START Given information
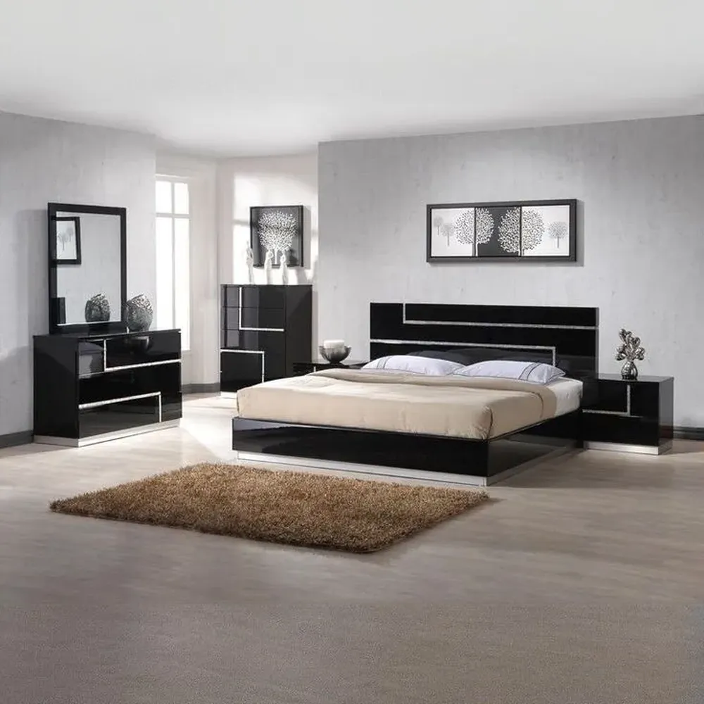 Sleek Black Deco Modern Bed Set with Silver Chrome Geometric Accents
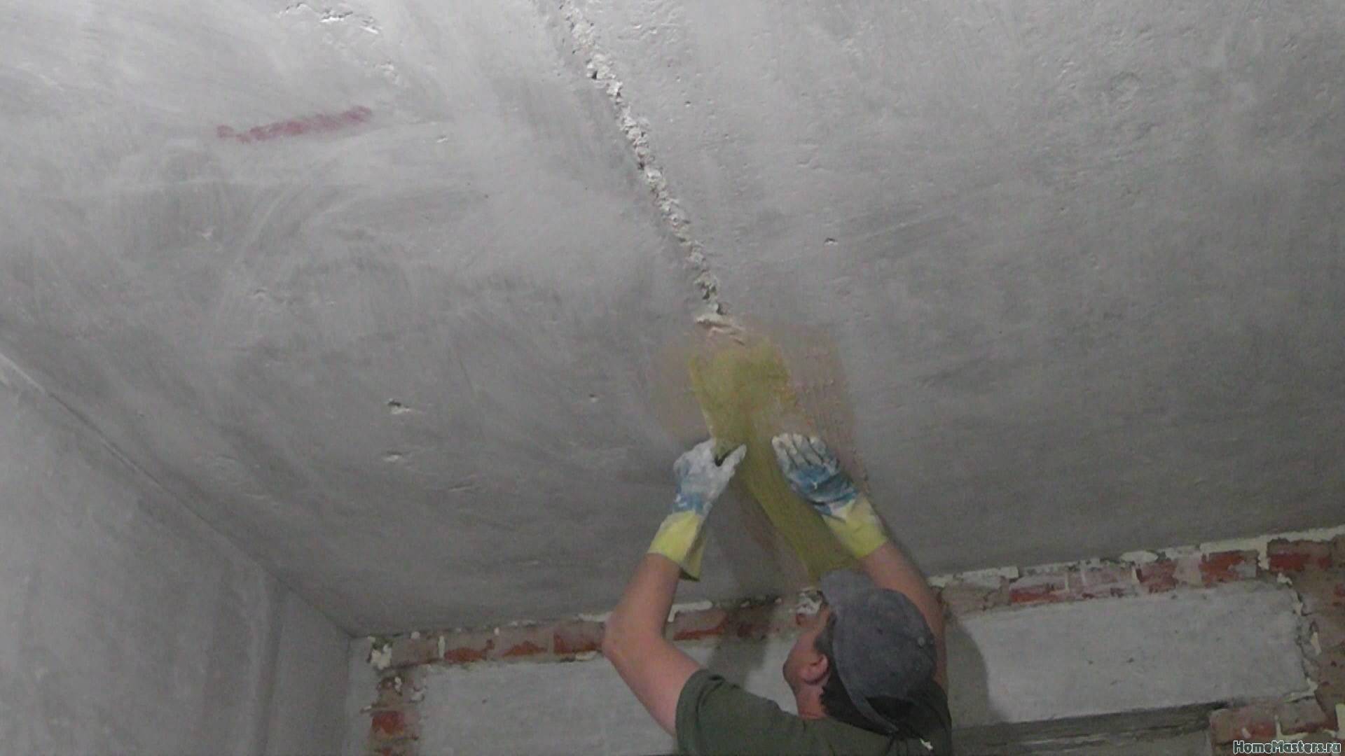 Щель нужно расширить шпателем, должно получиться V-образное углубление. Трещина перекрытия очищается от пыли. После чего на потолок следует нанести специальную грунтовку, для удобства можно использовать валик или щетку. Грунтовать поверхность нужно очень тщательно, не забывая о швах и трещинах. Дать грунтовке высохнуть.
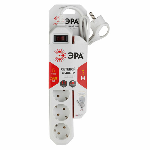 Сетевой фильтр «Эра» заземлением выключателем 3x0,75 мм2 5 гнезд, 1,5 м
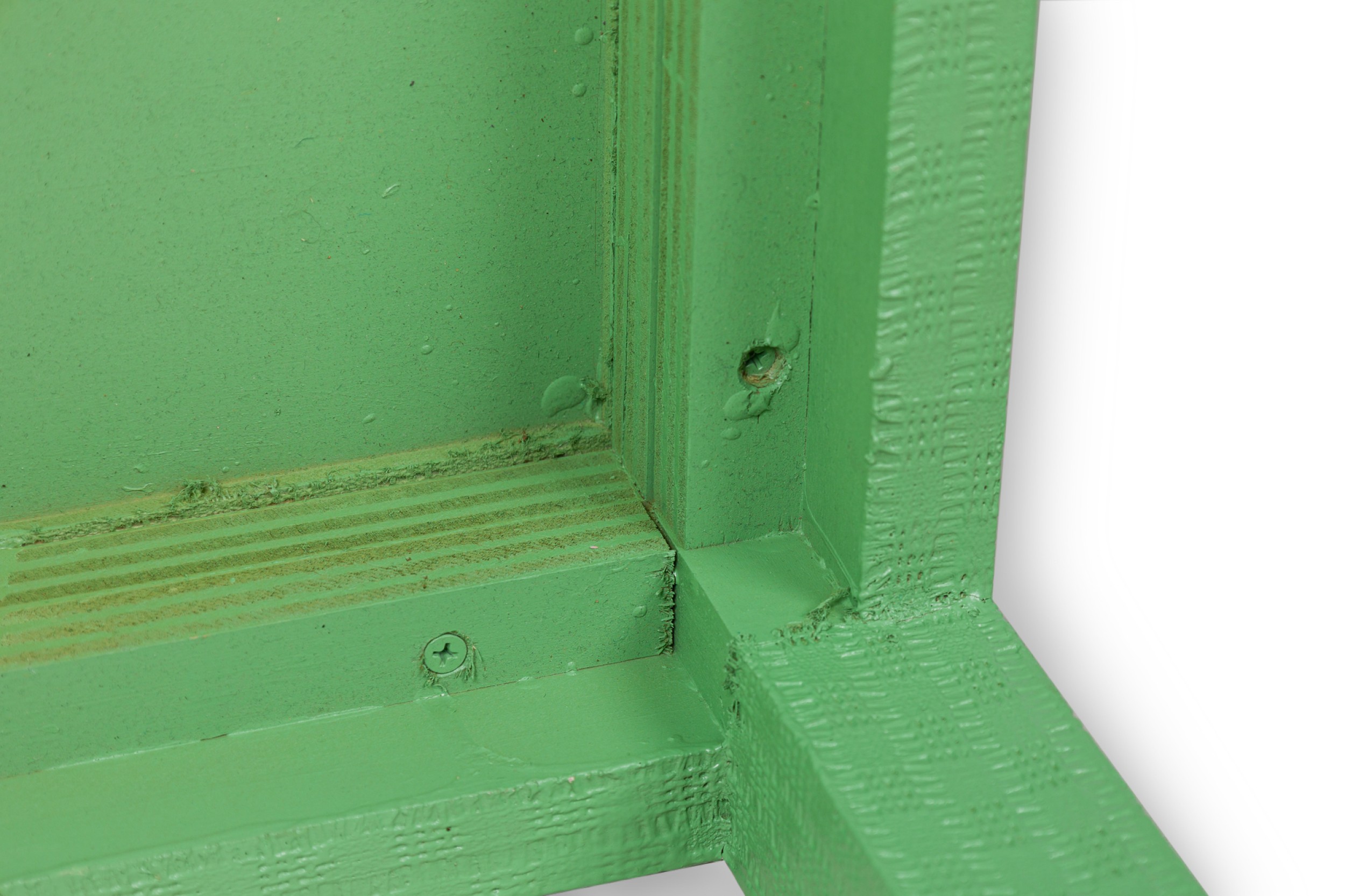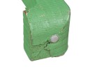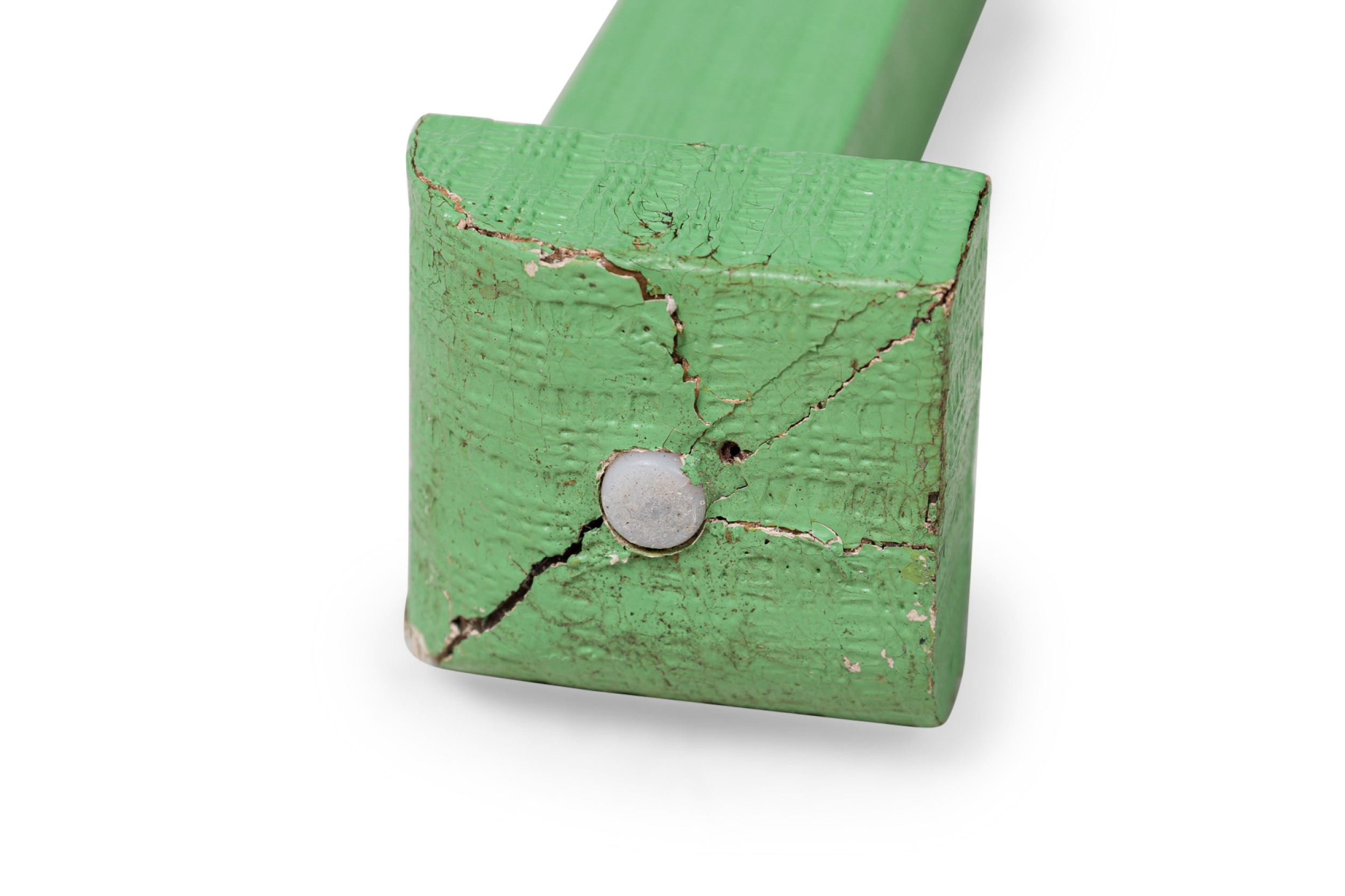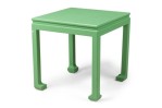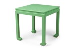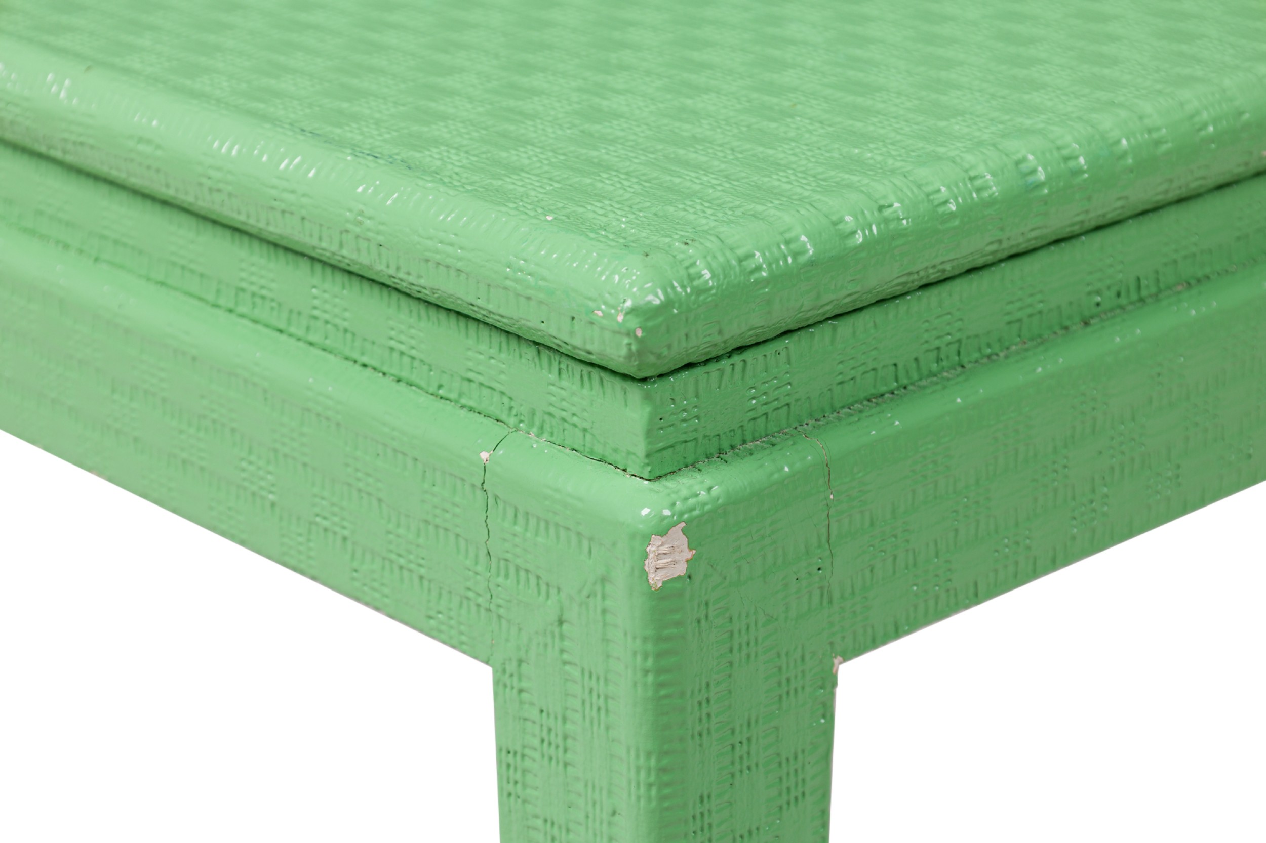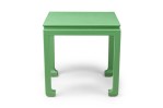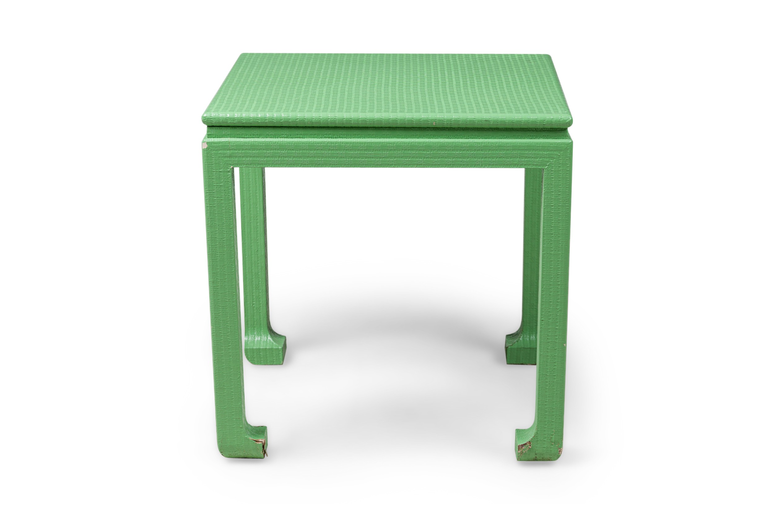PAIR of American Mid-Century square green painted canvas cloth end / side tables with an Asian influenced design having a shaped bottom to the apron and legs (KARL SPRINGER) (PRICED AS PAIR)
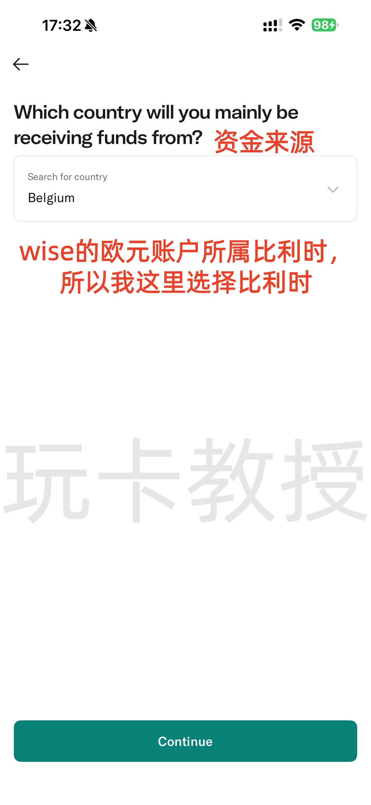 资金来源:如常用wise欧元账户入金,我们选择:Belgium(比利时),点击:Continue
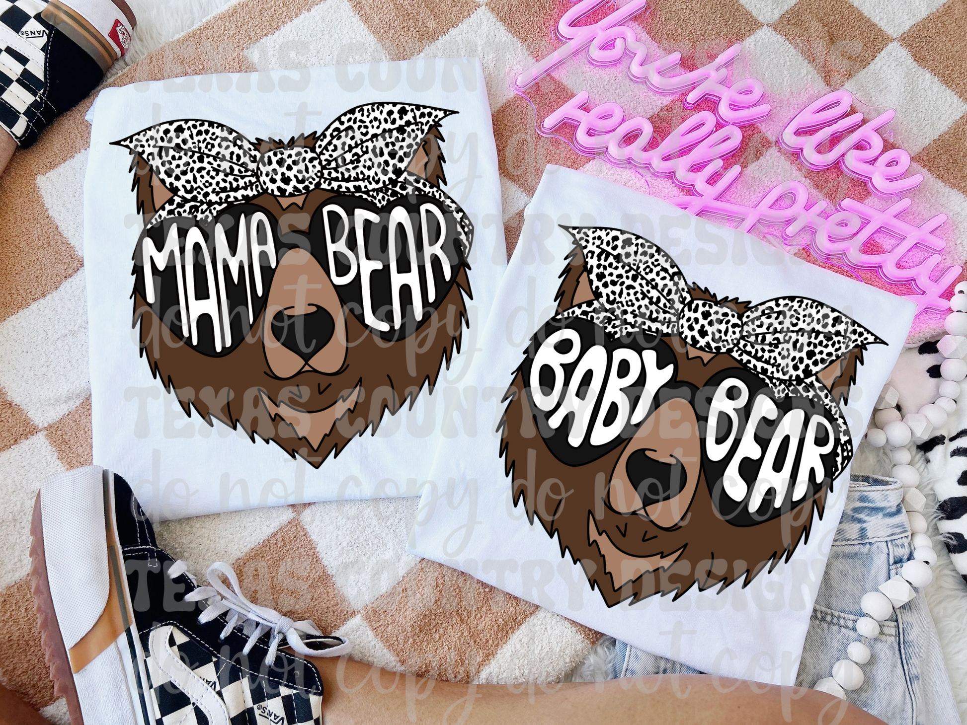 Mama/Baby Bear White Cheetah Print
END Given information
**Task**
Every record should come back exactly as it is, though none of the pictures should.

**Written answer**
 Sleek Black Deco Modern Bed Set with Silver Chrome Geometric Accents
 Щель нужно расширить шпателем, должно получиться V-образное углубление. Трещина перекрытия очищается от пыли. После чего на потолок следует нанести специальную грунтовку, для удобства можно использовать валик или щетку. Грунтовать поверхность нужно очень тщательно, не забывая о швах и трещинах. Дать грунтовке высохнуть.
 Сетевой фильтр «Эра» заземлением выключателем 3x0,75 мм2 5 гнезд, 1,5 м
PAIR of American Mid-Century square green painted canvas cloth end / side tables with an Asian influenced design having a shaped bottom to the apron and legs (KARL SPRINGER) (PRICED AS PAIR)
 资金来源:如常用wise欧元账户入金,我们选择:Belgium(比利时),点击:Continue
 Mama/Baby Bear White Cheetah Print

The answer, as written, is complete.